Pubdate: Sun, 24 Sep 2000
Source: Jakarta Post (Indonesia)
Copyright: The Jakarta Post
Contact:  P.O. Box 85 Palmerah Jakarta 11001
Fax: (62) (21) 5492685
Website: http://www.thejakartapost.com
Author: Mehru Jaffer

HIV POSITIVE PEOPLE TELL HOW IT IS FOR THEM

JAKARTA (JP): For his 17th birthday earlier this year, "Zorro" got a 
surprise. Not a nice one, though: he discovered he was infected with the 
Human Immunodeficiency Virus (HIV). It was a double tragedy for his family; 
his brother, a year older then, him is also HIV positive.

"I was devastated for a whole week. My dream of training to be a pilot was 
gone with the wind. I wanted to take a drugs overdose and die.

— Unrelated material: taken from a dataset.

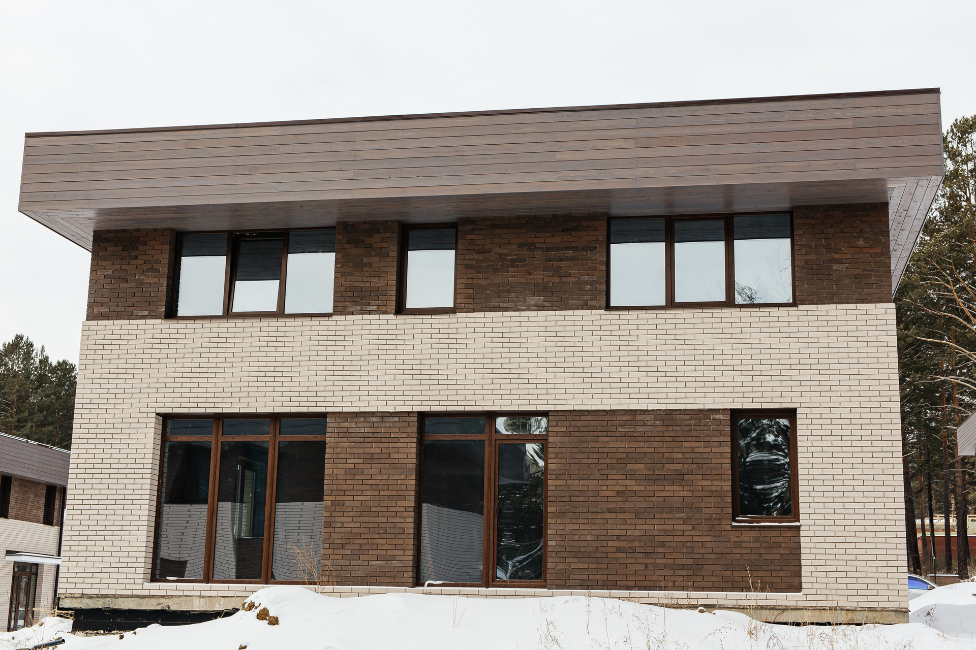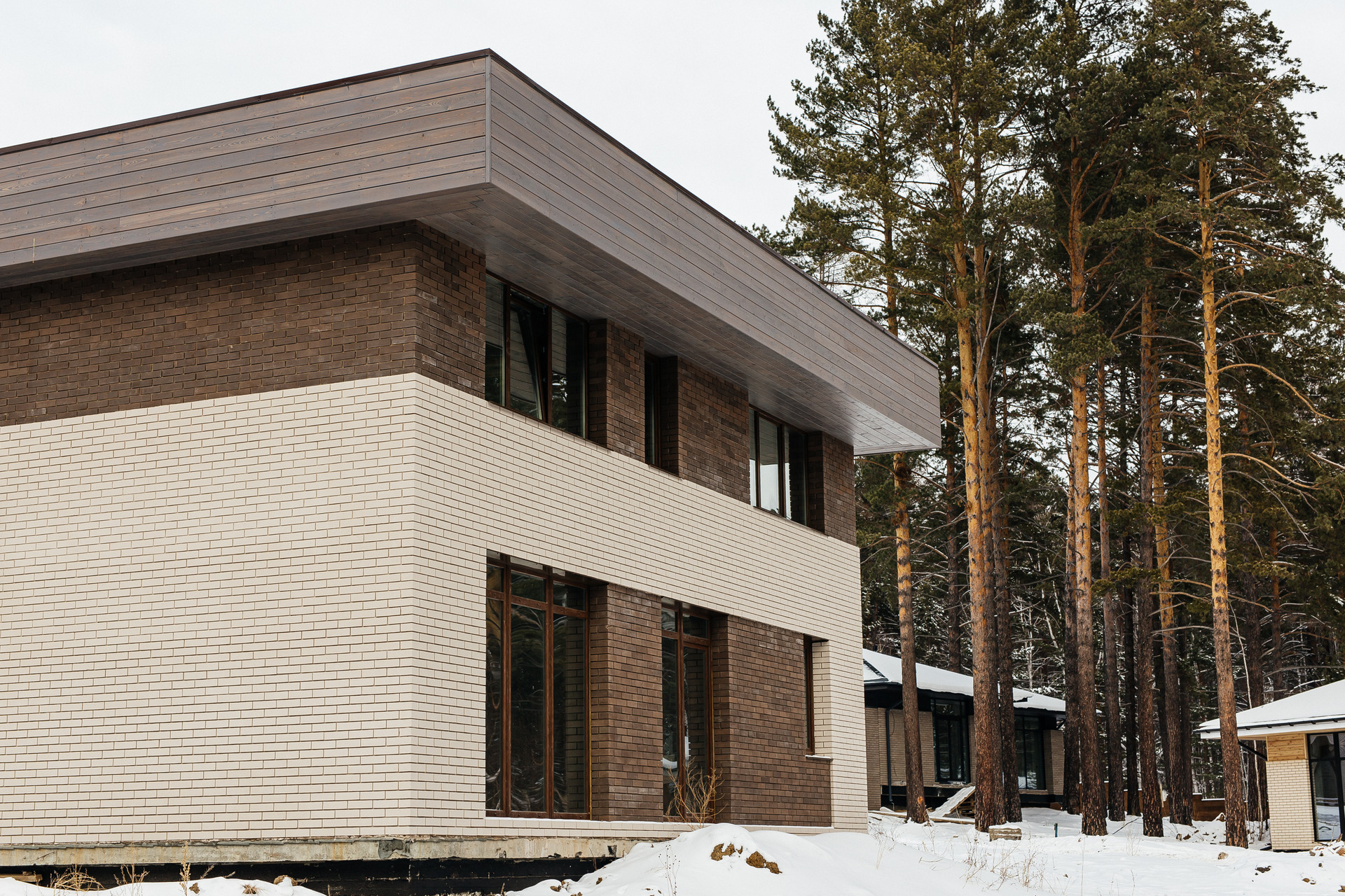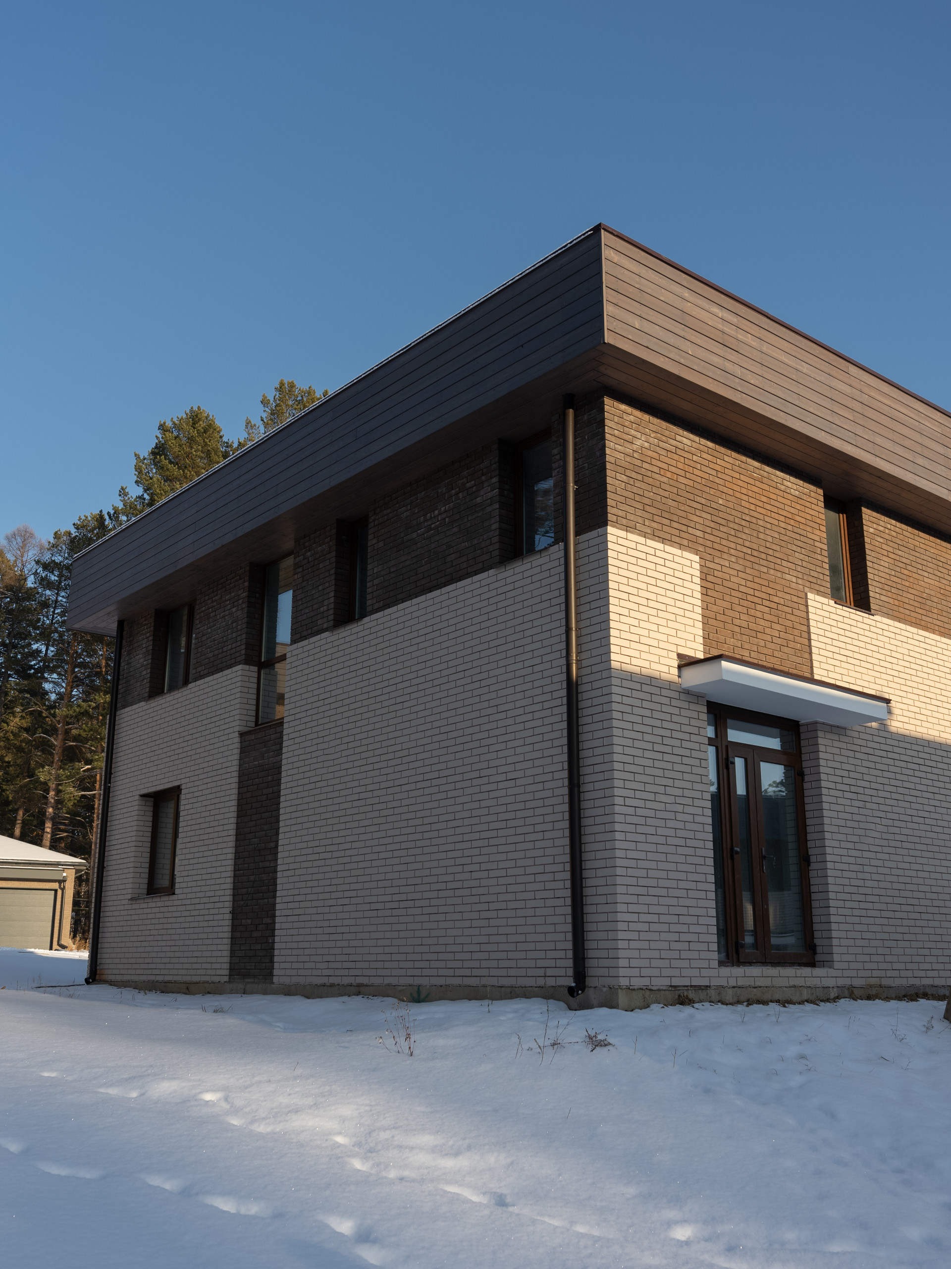 • Облицовка кирпич и лиственничный планкен
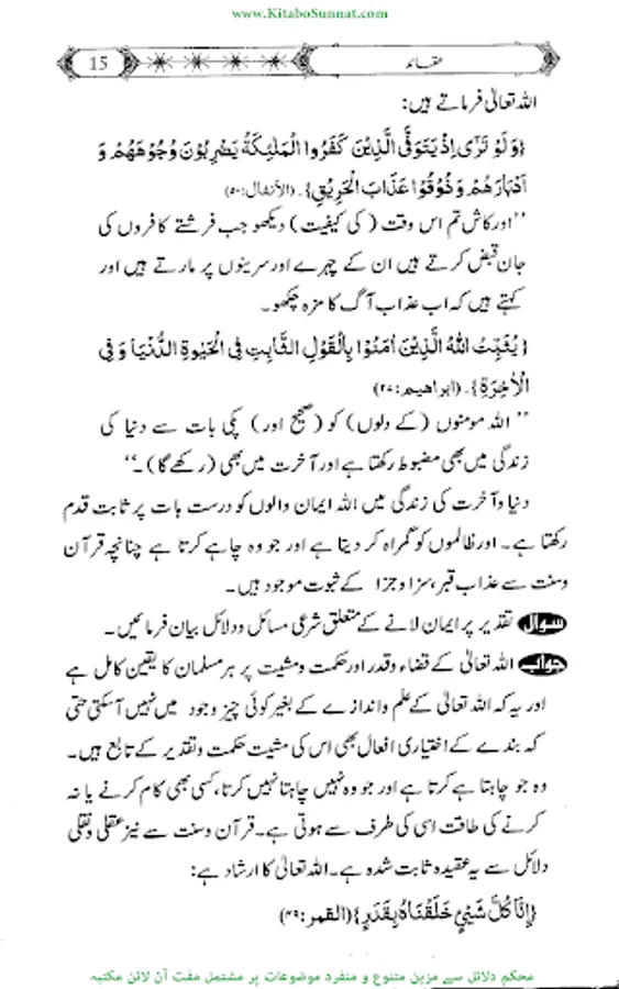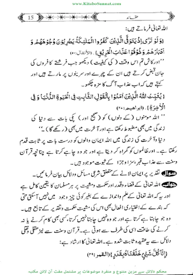 دین اسلام ایک کامل ضابطہ حیات ہے جس میں تمام افراد بشر کے حقوق وفرائض کو مکمل طور پر بیان کیاگیا ہے ۔لہذا اگر ہر شخص اپنی ذمے داریاں پوری کرے اوردوسروں کے حقوق ادا کرتا رہے تو مسلم معاشرہ امن وامان کا ایک مثالی گہوارہ بن سکتا ہےکیونکہ اس کی تعلیمات میں دینوی واخروی دونوں قسم کے فوائد موجود ہیں جو ایک کامیاب زندگی کی ضمانت ہیں ۔ زیر تبصرہ کتاب’’ تعلیم الاسلام ‘‘ مولانا محمد سعید کلیروی ﷾ کی تصنیف ہے ۔ فاضل مصنف نےاس کتاب میں انتہائی آسان پیرائے سوال وجواب کی صورت میں عوام الناس کے لیے عقائد، عبادات اورمعاملات سےمتعلق اسلامی تعلیمات کوبیان کیا ہے ۔ آخری باب میں سیرت النبی ﷺ کے متعلق ایک باب میں نبی اکرم ﷺ کےحالات ووقعات کے متعلق مفید معلومات جمع کردی ہیں ۔فاضل مصنف نے بھر پور کوشش سے تمام احکام ومسائل کو عام فہم انداز لکھا ہے تاکہ ہر مسلمان اس سے بہ آسانی استفادہ کرسکے ۔(م۔ا).

"My parents were paralyzed with grief. Every time my mother looked at me 
she burst into tears. I was sorry that I had been lying and cheating since 
I was 14 years old. Suddenly I was so sad and full of regret ...," the 
teenager told The Jakarta Post at Wisma Arjuna in Bogor, where 67 
residents, including six women, are undergoing an intensive drug addiction 
recovery program.

Joyce Djaelani Gordon, co-director of Harapan Permata Hati Kita Foundation 
which runs Wisma Arjuna, warns that HIV/AIDS has reached epidemic 
proportions in Indonesia and that the country is not equipped to address 
the challenge. Joyce used to work with the problems of HIV and AIDS, but a 
few years ago she devoted herself to the root cause of it, which she 
insists is drug abuse.

Joyce explained that under the influence of drugs people are more likely to 
have indiscriminate sex, something which causes the spread of HIV/AIDS. 
Addiction costs drug abusers a lot of money, which invariably leads to 
crime and violence.

To wipe out drug abuse would be to wipe out all the other problems that 
emerge as a result of it, she said. She regretted that there remained 
reluctance to acknowledge the connection between HIV/AIDS and drug abuse in 
the country.

Very little is known here of the complex subculture of drug users and 
addicts. Intensive HIV/AIDS programs in Indonesia have so far concentrated 
on commercial sex workers. Little thought has been given to hepatitis C. 
Sex related problems like unwanted pregnancies, sexually transmitted 
diseases as well as HIV/AIDS and hepatitis C are very prevalent within the 
drug abusers community. Drug-related crime and violence is another rapidly 
increasing problem.

Zorro joined the center's drugs recovery program a few months ago. He has 
never had sex in his life and is HIV positive. Benjie, 24, started having 
sex at the age of 14 with his girlfriend, who was 15 years old at the time. 
He strongly suspects that he got hepatitis C, a disease that leads to 
cancer of the liver, because he did not use clean needles when injecting 
drugs. Once he spent Rp 4 million in a month on drugs and alcohol. When he 
ran short of money he sold his television set, CD player and anything else 
of value he could find in the house.

The number of drug abusers and addicts in Indonesia is estimated to be 1.5 
million and continues to increase every day, especially among young people. 
Statistics also show 10 percent of all intravenous drug users are HIV 
positive, while 70 percent are inflicted with the hepatitis C virus.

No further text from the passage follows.